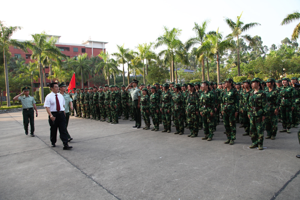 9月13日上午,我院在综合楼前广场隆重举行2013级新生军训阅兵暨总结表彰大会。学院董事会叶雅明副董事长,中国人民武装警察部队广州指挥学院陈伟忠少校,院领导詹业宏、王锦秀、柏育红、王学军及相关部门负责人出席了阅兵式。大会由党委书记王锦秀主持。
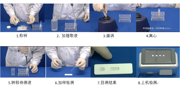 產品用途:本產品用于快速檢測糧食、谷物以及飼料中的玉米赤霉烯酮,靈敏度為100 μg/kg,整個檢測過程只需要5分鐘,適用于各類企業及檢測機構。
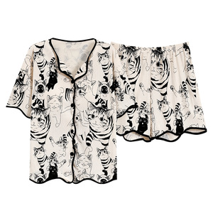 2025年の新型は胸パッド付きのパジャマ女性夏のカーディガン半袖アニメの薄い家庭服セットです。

++++++++++++++++++++

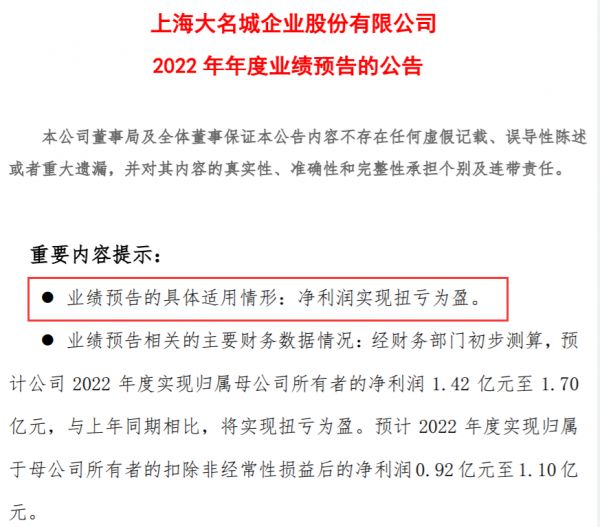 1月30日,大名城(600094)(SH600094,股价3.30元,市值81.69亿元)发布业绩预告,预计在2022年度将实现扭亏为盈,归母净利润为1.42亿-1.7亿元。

++++++++++++++++++++

* _PROBLEM DETAILS_: Quote word for word only the lines above from the one containing "產品用途:本產品用于快速檢測" through the one containing "2025年の新型は胸パッド付". Pictures stay out of your copy.

* _ANSWER SPACE_:
 產品用途:本產品用于快速檢測糧食、谷物以及飼料中的玉米赤霉烯酮,靈敏度為100 μg/kg,整個檢測過程只需要5分鐘,適用于各類企業及檢測機構。
 2025年の新型は胸パッド付きのパジャマ女性夏のカーディガン半袖アニメの薄い家庭服セットです。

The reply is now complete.